Quoting Zygo Blaxell <ce3g8...@umail.furryterror.org>:
On Mon, Sep 16, 2019 at 07:42:51AM -0400, General Zed wrote:
Quoting Zygo Blaxell <ce3g8...@umail.furryterror.org>:
> Your defrag ideas are interesting, but you should spend a lot more
> time learning the btrfs fundamentals before continuing. Right now
> you do not understand what btrfs is capable of doing easily, and what
> requires such significant rework in btrfs to implement that the result
> cannot be considered the same filesystem. This is impairing the quality
> of your design proposals and reducing the value of your contribution
> significantly.
Ok, that was a shot at me; and I admit, guilty as charged. I barely have a
clue about btrfs.
Now it's my turn to shoot. Apparently, the people which are implementing the
btrfs defrag, or at least the ones that responded to my post, seem to have
no clue about how on-demand defrag solutions typically work. I had to
explain the usual tricks involved in the defragmentation, and it was like
talking to complete rookies. None of you even considered a full-featured
defrag solution, all that you are doing are some partial solutions.
Take a look at btrfs RAID5/6 some time, if you want to see rookie mistakes...

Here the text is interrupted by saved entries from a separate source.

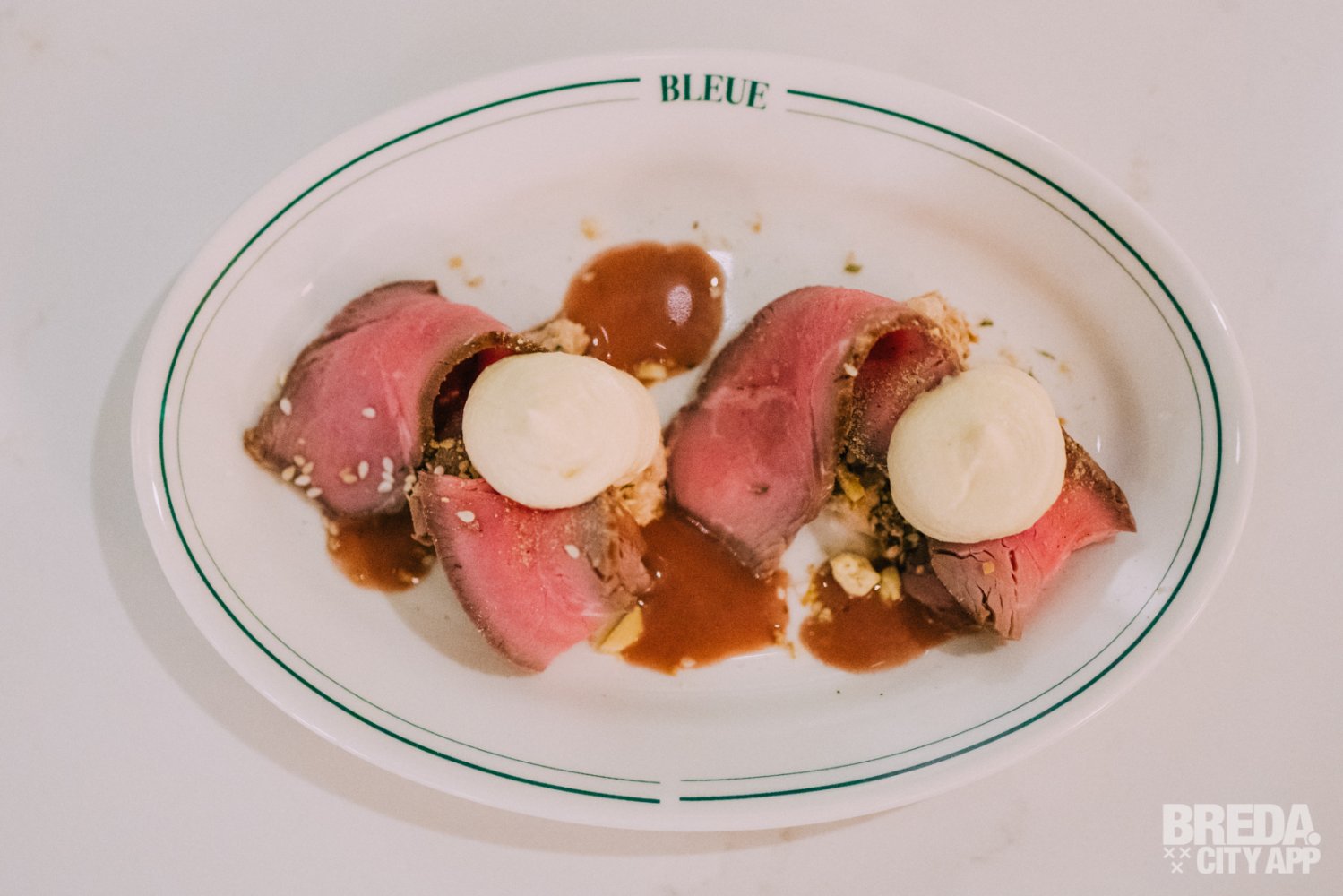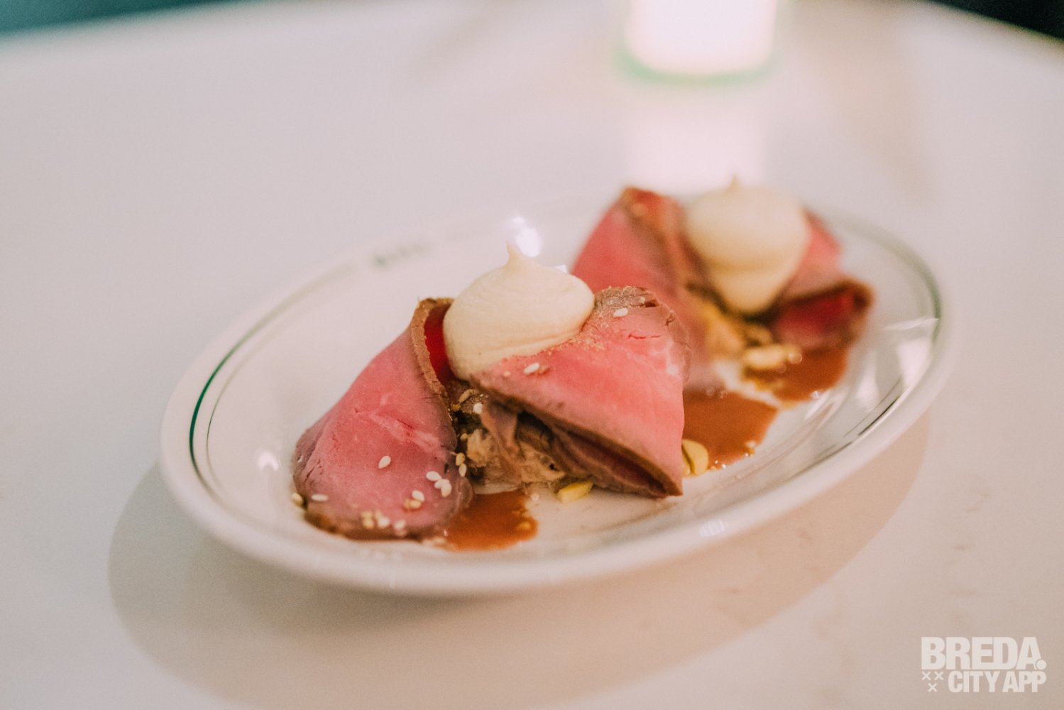 De vitello tonato wordt geserveerd met een knolcrème, appel-rode port saus, stukjes pinda en sesampitjes. Het vlees is mooi gegaard en wordt in een krul op het bord geserveerd. Een echte klassieker, maar dan met een eigen twist.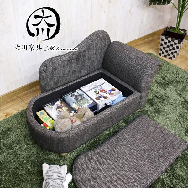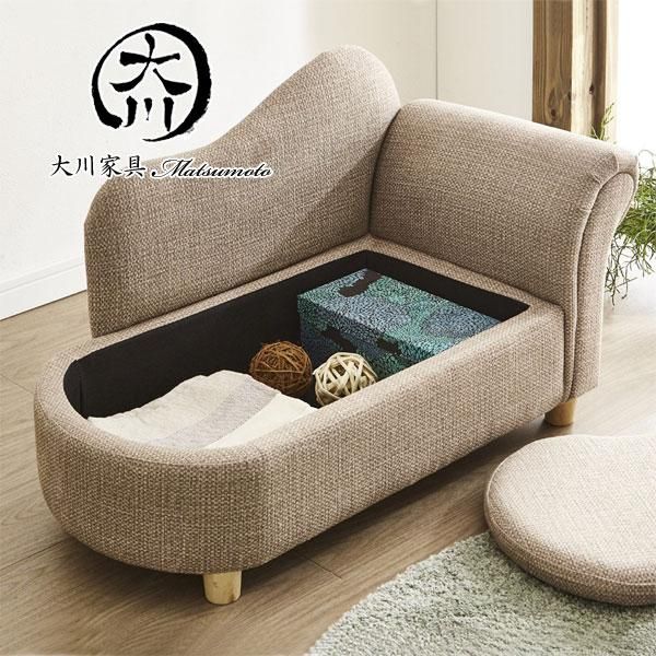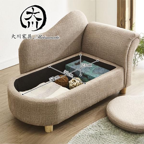 ソファ ソファー ジュニアソファ 2人掛け ローソファ フロアソファ 脚付き 足つき 木脚 布製 布張り ファブリック ベージュ グレー 収納付き 大川家具matsumoto 送料無料 楽天 通販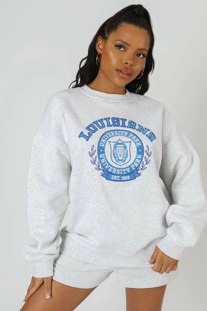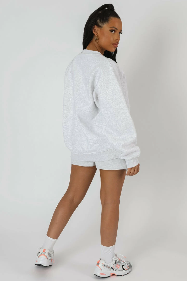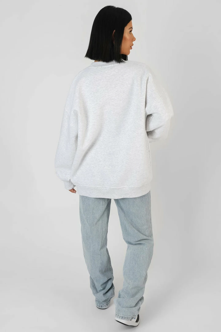 OVERSIZED FIT OATMEAL MARL SWEATSHIRT WITH BLUE EMBROIDERY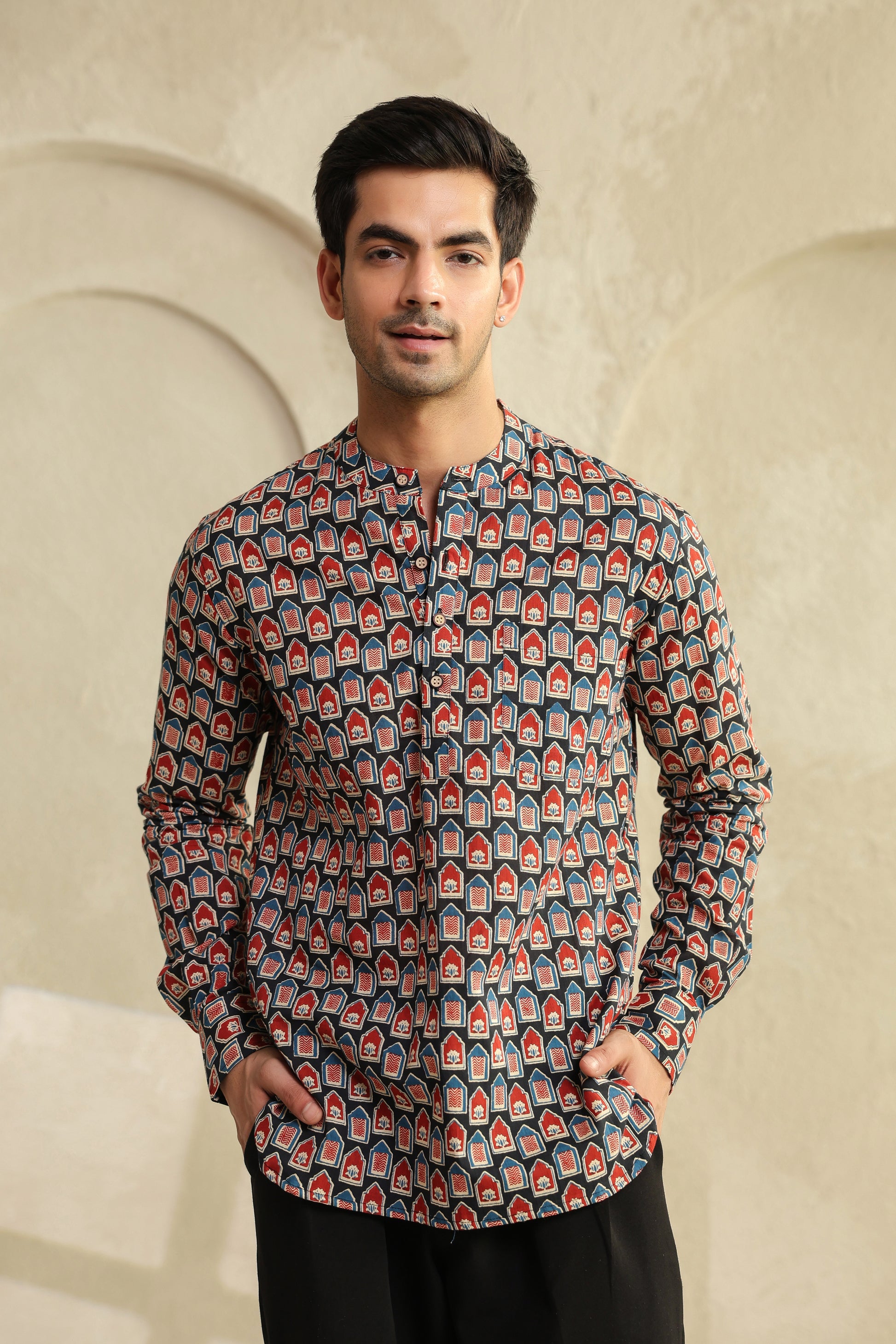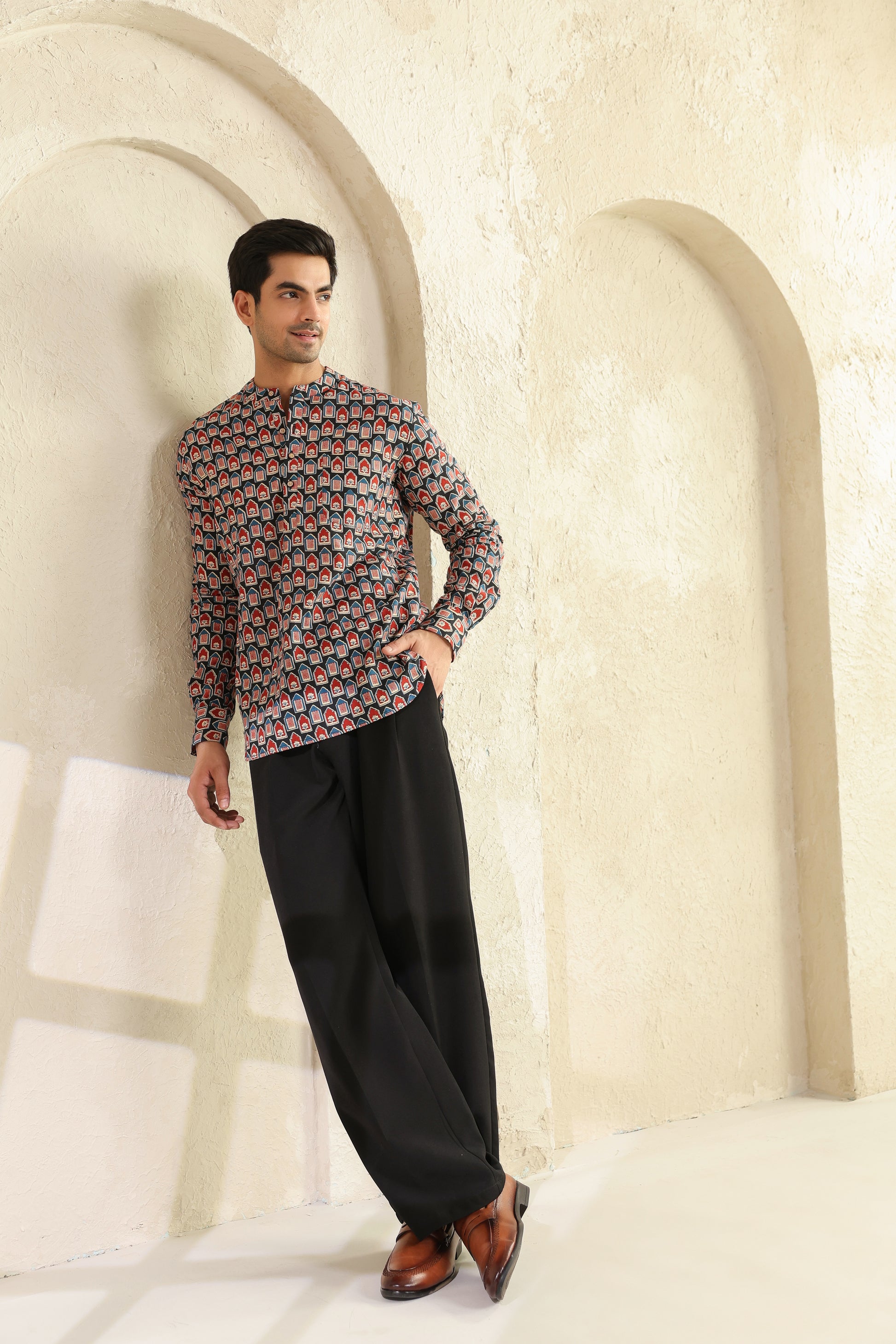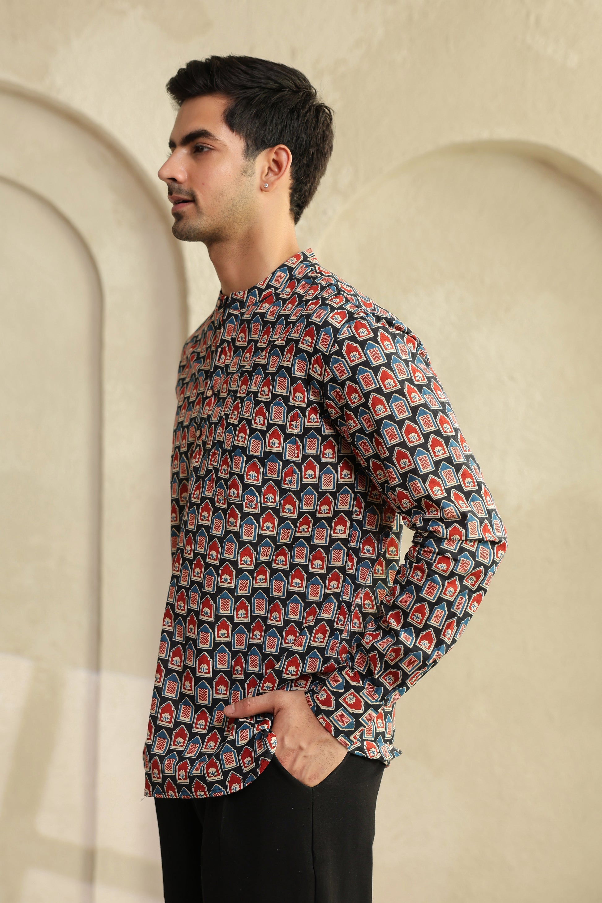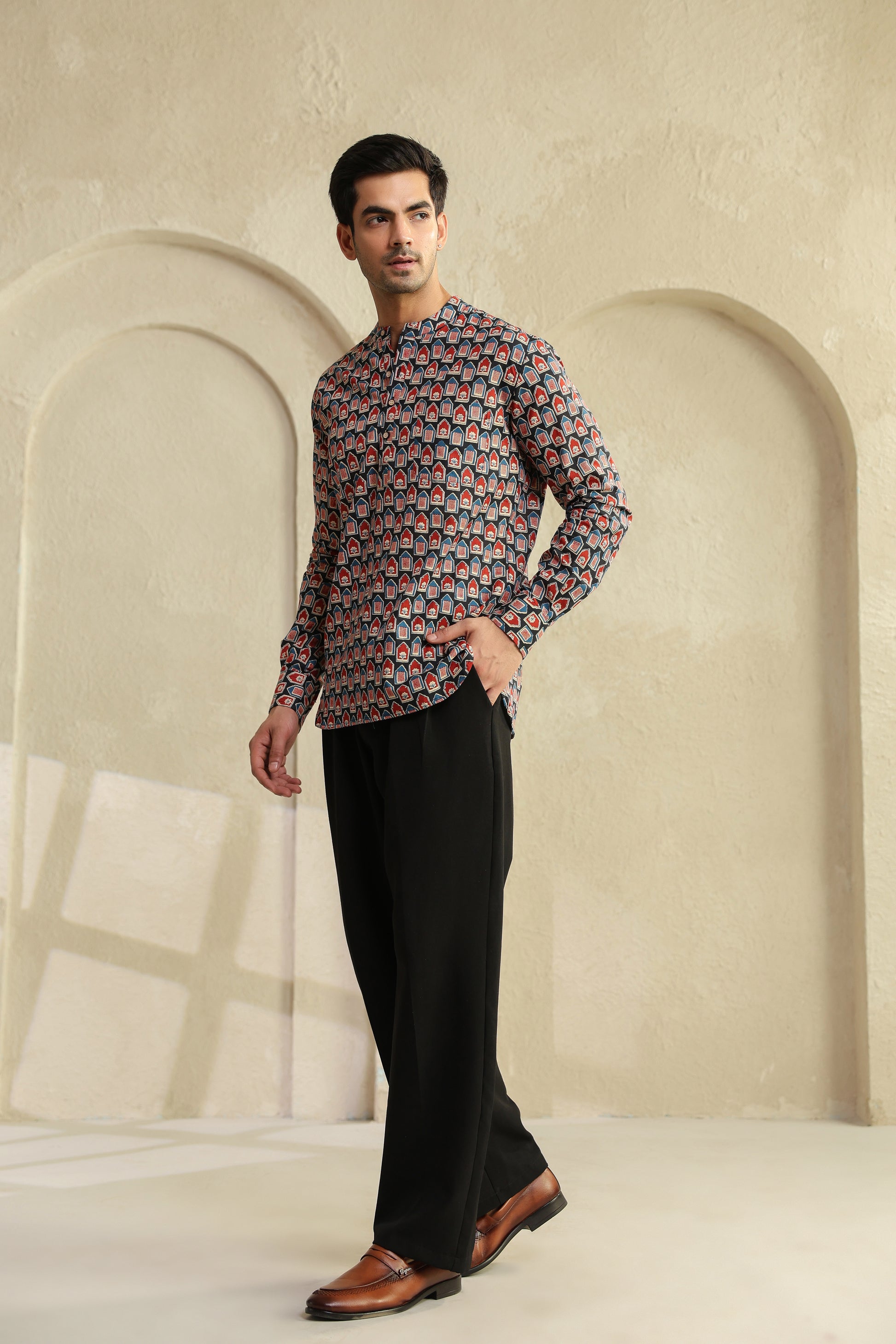 The bold red and black prints aren’t random designs. They’re inspired by age-old block printing, reimagined for today’s world. When you look closely, there’s a quiet balance in it, it feels bold, yet grounded. Just like the man who chooses to wear it.

And, you all got lost in implementation details. How many times have I been
told here that some operation cannot be performed, and then it turned out
the opposite. You have all sunk into some strange state of mind where every
possible excuse is being made in order not to start working on a better,
hollistic defrag solution.
And you even misunderstood me when I said "hollistic defrag", you thought I
was talking about a full defrag. No. A full defrag is a defrag performed on
all the data. A holistic defrag can be performed on only some data, but it
is hollistic in the sense that it uses whole information about a filesystem,
not just a partial view of it. A holistic defrag is better than a partial
defrag: it is faster and produces better results, and it can defrag a wider
spectrum of cases. Why? Because a holistic defrag takes everything into
account.
What I'm looking for is a quantitative approach. Sort the filesystem
regions by how bad they are (in terms of measurable negative outcomes
like poor read performance, pathological metadata updates, and future
allocation performance), then apply mitigation in increasing order of
cost-benefit ratio (or at least filter by cost-benefit ratio if you can't
sort without reading the whole filesystem) until a minimum threshold
is reached, then stop. This lets the mitigation scale according to
the available maintenance window, i.e. if you have 5% of a day for
maintenance, you attack the worst 5% of the filesystem, then stop.
Any good defrag solution should be able to prioritize to work on most
fragmented parts of the filesystem. That's a given.
In that respect I think we might be coming toward the same point, but
from different directions: you seem to think the problem is easy to
solve at scale,
Yes!
and I think that's impossible so I start from designs
that make forward progress with a fixed allocation of resources.
Well, that's not useless, but it's kind of meh. Waste of time. Solve
the problem like a real man! Shoot with thermonuclear weapons only!
So I think you should all inform yourself a little better about various
defrag algorithms and solutions that exist. Apparently, you all lost the
sight of the big picture. You can't see the wood from the trees.
I can see the woods, but any solution that starts with "enumerate all
the trees" will be met with extreme skepticism, unless it can do that
enumeration incrementally.
I think that I'm close to a solution that only needs to scan the
free-space tree in the entirety at start. All other trees can be only
partially scanned. I mean, at start. As the defrag progresses, it will
go through all the trees (except in case of defragging only a part of
the partition). If a partition is to be only partially defragged, then
the trees do not need to be red in entirety. Only the free space tree
needs to be red in entirety at start (and the virtual-physical address
translation trees, which are small, I guess).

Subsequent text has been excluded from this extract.